Preparar a empresa para inspeção envolve realizar auditorias internas periódicas e simulações de inspeção, atualizar e organizar toda a documentação exigida, treinar funcionários para entrevistas e demonstração de processos, revisar planos de ação corretiva e garantir a rastreabilidade dos lotes. Também é importante ter responsáveis designados, sistemas de controle eletrônicos validados e evidências de monitoramento e manutenção preventiva que comprovem funcionamento contínuo e controle de qualidade.
Quais normas e resoluções da ANVISA devem ser observadas no sistema de segurança?
Devem ser observadas as resoluções e instruções normativas da ANVISA aplicáveis ao produto e atividade específica, além das normas de Boas Práticas (BPF/BPM/BPV) e requisitos para vigilância sanitária.
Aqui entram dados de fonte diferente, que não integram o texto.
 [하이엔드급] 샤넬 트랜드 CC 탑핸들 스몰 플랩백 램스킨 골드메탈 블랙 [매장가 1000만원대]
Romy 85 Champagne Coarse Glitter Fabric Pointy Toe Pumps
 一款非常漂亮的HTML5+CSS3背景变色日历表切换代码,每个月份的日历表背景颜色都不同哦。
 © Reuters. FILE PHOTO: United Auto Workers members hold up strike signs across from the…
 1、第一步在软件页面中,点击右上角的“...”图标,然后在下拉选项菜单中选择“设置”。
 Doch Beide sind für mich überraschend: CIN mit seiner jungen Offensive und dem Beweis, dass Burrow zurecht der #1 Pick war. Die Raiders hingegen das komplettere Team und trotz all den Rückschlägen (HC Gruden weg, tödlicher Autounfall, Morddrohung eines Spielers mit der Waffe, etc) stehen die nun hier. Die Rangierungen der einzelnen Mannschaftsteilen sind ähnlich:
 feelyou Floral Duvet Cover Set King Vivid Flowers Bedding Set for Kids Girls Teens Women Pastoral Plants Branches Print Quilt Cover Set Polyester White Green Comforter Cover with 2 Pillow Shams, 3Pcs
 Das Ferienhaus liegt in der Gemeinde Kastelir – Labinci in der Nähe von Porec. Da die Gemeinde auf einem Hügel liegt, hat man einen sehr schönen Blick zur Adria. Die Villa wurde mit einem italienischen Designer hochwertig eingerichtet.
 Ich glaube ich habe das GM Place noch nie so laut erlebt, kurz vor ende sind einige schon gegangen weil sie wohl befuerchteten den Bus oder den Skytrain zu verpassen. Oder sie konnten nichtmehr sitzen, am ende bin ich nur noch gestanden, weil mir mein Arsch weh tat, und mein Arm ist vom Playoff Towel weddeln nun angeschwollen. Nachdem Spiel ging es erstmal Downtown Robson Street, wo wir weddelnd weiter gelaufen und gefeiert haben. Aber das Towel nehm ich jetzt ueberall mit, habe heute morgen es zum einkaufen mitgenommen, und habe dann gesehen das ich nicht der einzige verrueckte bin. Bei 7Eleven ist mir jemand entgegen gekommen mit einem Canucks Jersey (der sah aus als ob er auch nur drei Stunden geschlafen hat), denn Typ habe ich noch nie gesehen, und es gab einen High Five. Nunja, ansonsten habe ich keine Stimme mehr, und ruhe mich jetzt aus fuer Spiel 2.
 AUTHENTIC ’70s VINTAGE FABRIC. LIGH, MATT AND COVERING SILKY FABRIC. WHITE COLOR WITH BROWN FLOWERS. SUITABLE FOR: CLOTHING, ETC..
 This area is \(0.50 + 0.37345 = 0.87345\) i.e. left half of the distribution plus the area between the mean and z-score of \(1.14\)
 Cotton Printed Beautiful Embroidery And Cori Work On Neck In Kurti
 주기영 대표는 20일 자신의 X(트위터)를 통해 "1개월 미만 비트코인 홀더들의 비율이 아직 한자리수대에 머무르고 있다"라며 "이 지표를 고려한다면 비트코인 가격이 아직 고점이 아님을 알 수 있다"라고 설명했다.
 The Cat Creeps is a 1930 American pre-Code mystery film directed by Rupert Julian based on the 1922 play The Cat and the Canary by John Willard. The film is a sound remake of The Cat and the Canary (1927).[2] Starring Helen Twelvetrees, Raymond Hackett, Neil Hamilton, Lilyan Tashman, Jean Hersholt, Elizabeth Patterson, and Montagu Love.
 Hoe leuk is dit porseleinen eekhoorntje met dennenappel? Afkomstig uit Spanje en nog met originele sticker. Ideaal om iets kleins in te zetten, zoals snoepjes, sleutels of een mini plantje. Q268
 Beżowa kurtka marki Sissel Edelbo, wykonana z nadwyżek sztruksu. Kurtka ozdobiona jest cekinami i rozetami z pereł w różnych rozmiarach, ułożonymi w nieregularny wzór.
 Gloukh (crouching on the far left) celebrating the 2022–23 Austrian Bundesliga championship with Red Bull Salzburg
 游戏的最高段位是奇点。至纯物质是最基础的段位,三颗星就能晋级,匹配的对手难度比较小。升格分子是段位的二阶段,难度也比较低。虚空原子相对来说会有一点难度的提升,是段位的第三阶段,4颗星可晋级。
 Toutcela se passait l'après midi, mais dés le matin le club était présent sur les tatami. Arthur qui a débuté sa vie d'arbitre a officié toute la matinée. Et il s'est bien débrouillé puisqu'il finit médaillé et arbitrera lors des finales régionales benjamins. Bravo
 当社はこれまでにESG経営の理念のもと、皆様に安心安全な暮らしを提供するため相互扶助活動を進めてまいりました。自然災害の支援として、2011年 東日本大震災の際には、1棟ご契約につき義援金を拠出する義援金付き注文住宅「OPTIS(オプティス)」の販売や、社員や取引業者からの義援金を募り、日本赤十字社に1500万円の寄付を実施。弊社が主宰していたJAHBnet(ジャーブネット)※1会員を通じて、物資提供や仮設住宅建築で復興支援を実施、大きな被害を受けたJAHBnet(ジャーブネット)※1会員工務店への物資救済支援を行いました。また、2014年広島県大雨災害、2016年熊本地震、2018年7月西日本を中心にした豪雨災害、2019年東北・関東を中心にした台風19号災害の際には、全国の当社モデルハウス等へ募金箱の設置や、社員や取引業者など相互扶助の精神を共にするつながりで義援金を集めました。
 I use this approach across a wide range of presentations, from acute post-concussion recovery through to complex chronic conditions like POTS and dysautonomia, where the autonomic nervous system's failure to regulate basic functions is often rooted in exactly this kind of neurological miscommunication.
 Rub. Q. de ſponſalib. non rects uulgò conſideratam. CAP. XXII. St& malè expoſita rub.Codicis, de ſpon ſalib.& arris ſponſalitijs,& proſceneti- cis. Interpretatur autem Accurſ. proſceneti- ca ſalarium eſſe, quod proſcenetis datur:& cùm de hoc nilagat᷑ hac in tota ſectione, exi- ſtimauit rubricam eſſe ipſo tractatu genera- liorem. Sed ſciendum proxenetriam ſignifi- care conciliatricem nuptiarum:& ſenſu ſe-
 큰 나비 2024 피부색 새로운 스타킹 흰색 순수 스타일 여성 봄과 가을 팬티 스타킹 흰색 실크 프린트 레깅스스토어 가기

Essas normas variam conforme categoria (medicamentos, alimentos, cosméticos, produtos para saúde) e definem requisitos de qualidade, rotulagem, farmacovigilância, registro e rastreabilidade. Acompanhar atualizações e guias técnicos da agência é essencial para manter conformidade regulatória.
Como a tecnologia pode auxiliar na conformidade com o sistema de segurança ANVISA?
A tecnologia auxilia por meio de sistemas eletrônicos de gestão da qualidade, controle de estoque, rastreabilidade e registros digitais validados. Ferramentas como LIMS, ERP, sistemas de validação eletrônica, e-documentação e automação reduzem erros humanos, melhoram a integridade dos dados e facilitam auditorias. Soluções de backup, logs auditáveis e segregação de funções também são importantes para cumprir requisitos de segurança e garantir a disponibilidade de evidências em inspeções.
O que é validação de sistemas e qual sua importância no contexto ANVISA?
Validação de sistemas é o processo documentado que demonstra que softwares, equipamentos e processos funcionam conforme requisitos definidos e geram resultados confiáveis. No contexto ANVISA, validação assegura integridade, rastreabilidade e reprodutibilidade de dados críticos de qualidade e segurança. Inclui fases como qualificação de instalação (IQ), operacional (OQ) e desempenho (PQ), e é requisito para sistemas que influenciam produto, segurança do paciente e conformidade regulatória.
Quais são as consequências de não conformidade com o sistema de segurança ANVISA?
A não conformidade pode acarretar multas administrativas, apreensão de lotes, interdição temporária de instalações, suspensão de registros e autorizações, recall de produtos e outras medidas sanitárias. Além das penalidades legais, há riscos reputacionais, perdas comerciais e potencial responsabilização civil e criminal em casos graves. Empresas devem tratar não conformidades com planos de ação imediatos, comunicar autoridades quando exigido e implementar medidas preventivas para evitar reincidência.